This post by Andi Mullin originally appeared on the Community Catalyst Health Policy Hub blog.
On April 4, my 73-year-old mother had back surgery. It was a difficult and lengthy procedure and, unfortunately, she experienced a series of post-operative complications. She remained in the hospital for 12 days, and for several of those days things looked very serious. For the first time since I started doing health system transformation policy work, I had an opportunity to experience the acute care side of our health system not merely as a policy advocate, but as a worried family member.
There was a lot about my mom’s medical care that was good. Crucially, the complicated surgery itself appears to have been successful with the focus now shifted to her recovery process. In addition, her providers were appropriately aggressive about pain control early on, and equally aggressive about transitioning my mom off of narcotics as quickly as possible, while still keeping her comfortable. I was also impressed with the hospital’s vigilance around infection control. Last but by no means least, her doctors and nurses were genuinely caring and concerned.
Nevertheless, I couldn’t help asking myself throughout her ordeal if the care my mother was receiving met the standards of patient-centered care for which we are all so strenuously advocating. The John A. Hartford Foundation recently posted a blog about patient-centered care in acute settings, and the authors’ admonition to “Think about the System” really resonates with me. The things that worried me about my mom’s care in the hospital all seemed to stem from systematized behavior that was centered around somebody’s needs, but that somebody didn’t seem to be my mother.

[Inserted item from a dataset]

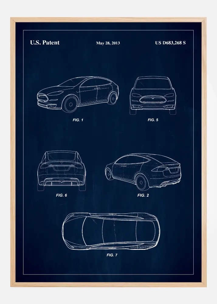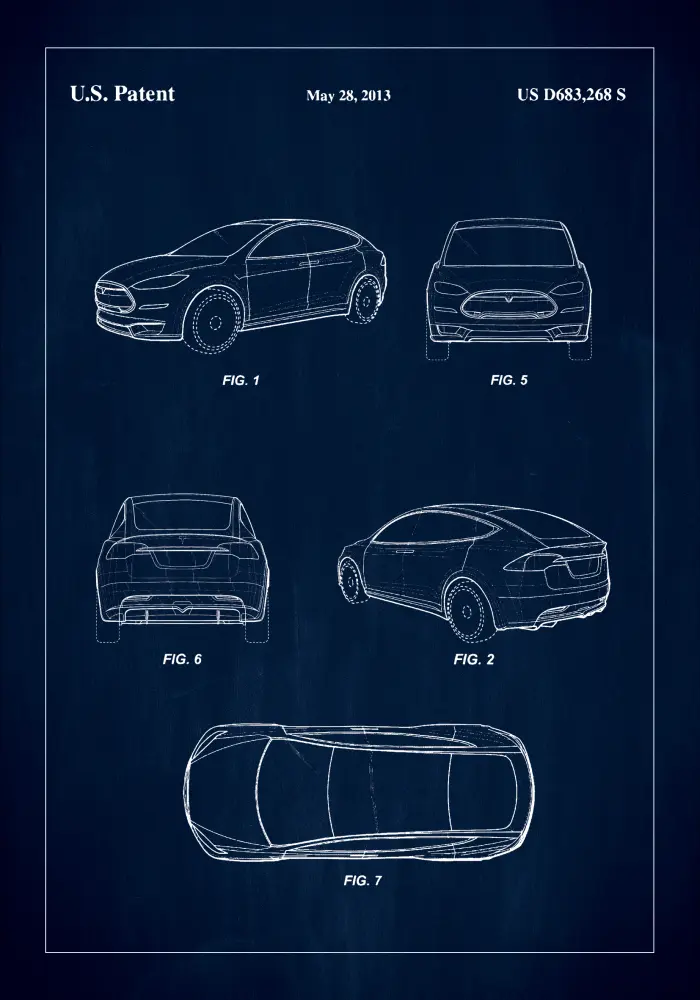 Гордо представяме този патентен постер, графична репрезентация на US D683,268 S, издаден на 28 май 2013 г., който изобразява автомобилен дизайн на Tesla, толкова иновативен, колкото и естетически привлекателен. Постерът е идеално допълнение към всеки колекционерски дом или работно място и предлага уникален поглед в процеса на проектиране зад една от най-забележителните форми в автомобилната индустрия.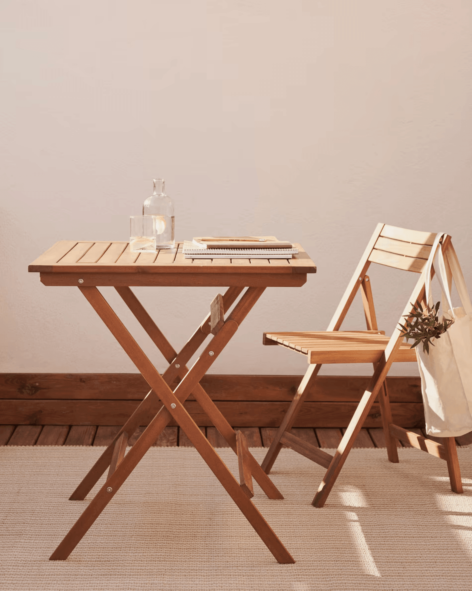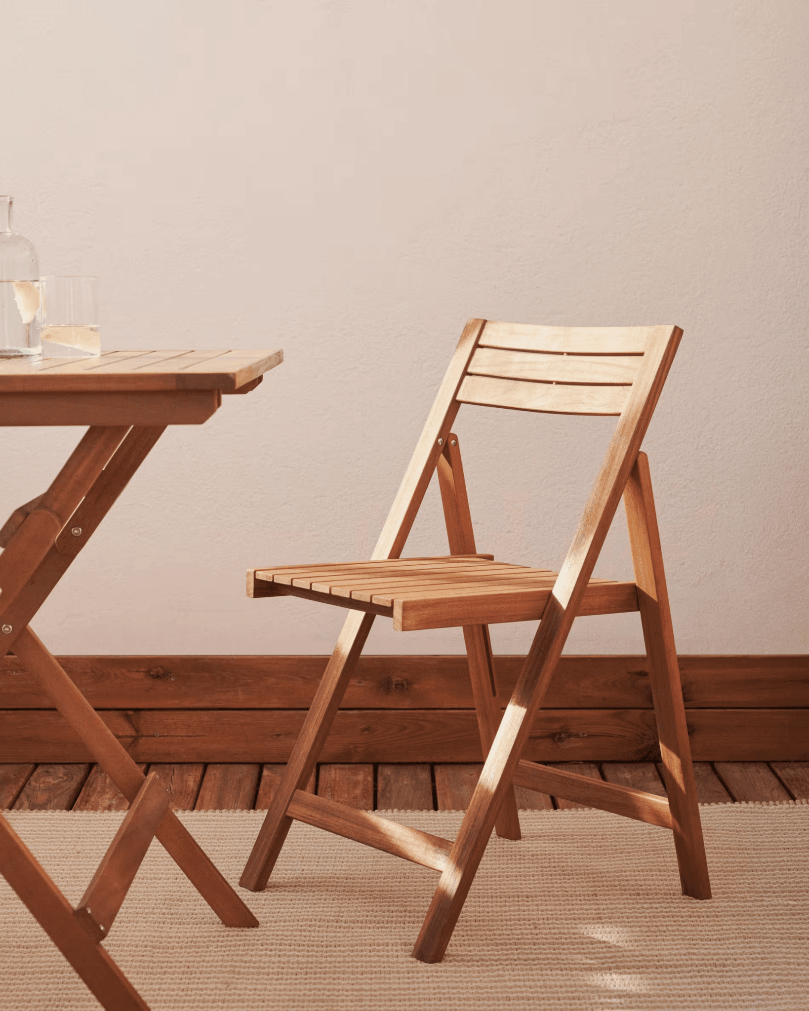 Sadirar ist perfekt, um kleinere Räume draußen zu genießen. Der Stuhl ist gegen die Sonne resistent und gefaltet, sodass er während der Lagerung weniger Platz einnimmt. Im Freien ist jeder weitere Messgerät willkommen.

For example, doctors would visit my mother at 4:00 and 5:00 a.m. when neither my father nor I were there. They would awaken her, update her about her medical condition and leave. As the days unfolded, it became clear that the “system” was organized for doctors to do rounds before the day’s surgeries and clinical office hours. For them, pre-dawn visits were a convenient time. But was that the best time for my mom? Was that patient-centered care, or surgeon-centered care? The big problem with this system was that it resulted in very poor actionable communication with the patient and her supporting caregiver system – in this case, my father and me. “Drs. 4:00 and 5:00 a.m.” would awaken my mom and explain what was going on with her medically. At no point did my mother ever remember a single thing they ever told her. How could she, given her exhaustion and the narcotics she was taking? Technically, her doctors were sharing information with her, but it was not “communication” in any meaningful sense of that word.
Not just the early-rounding doctors, but also nurses and other hospital staff frequently interrupted my mom’s sleep, and this proved to be an enormous problem throughout her hospital stay. One of the things my mother needed most was sleep, but she was never undisturbed for more than two hours at a time. This is a common complaint of folks who’ve been in the hospital, and providers acknowledge it’s a problem. My mom’s nurses felt badly about this, and even agreed that it worsened her complications. But it was also clear from the helpless looks on their faces that they couldn’t imagine things any other way. Is the patient at the center of a system that deprives sick people of sleep for days at a time? Is there really no other way to organize a hospital?
Finally, I worried about the lack of continuity in my mom’s nursing care. Never was a nurse assigned to my mom for more than two days in a row. Just as one expert and caring nurse would get to know my mom’s medical situation, that nurse would disappear. I would see those nurses again, but they were always assigned to other patients. When I asked one of them about it, I got the same helpless look I got regarding sleep disruptions. Continuity would be impossible to ensure all of the time for every patient, but it seems like prioritizing continuity for patients having an extended stay would help both nurses and patients. Was this approach to patient assignment serving some administrative or fiscal function? It certainly wasn’t serving my mom’s best interests.
Our health system is in the midst of a significant transformation, and certainly not just within hospitals. This transformation will require administrators, providers and patients to behave differently. If my experience of the last few weeks is at all typical, it will also require that we look at the ways in which we structure systems and re-think how health care institutions organize themselves. Consumer engagement will be critical to redesigning these systems in ways that put the patient at the center of care.
P.S. My mom was transferred to a rehab facility on April 16, and she is working hard to regain her mobility and recover from this experience. Your good wishes are most appreciated!
The opinions expressed in this article are those of the author and do not necessarily reflect those of the Diverse Elders Coalition.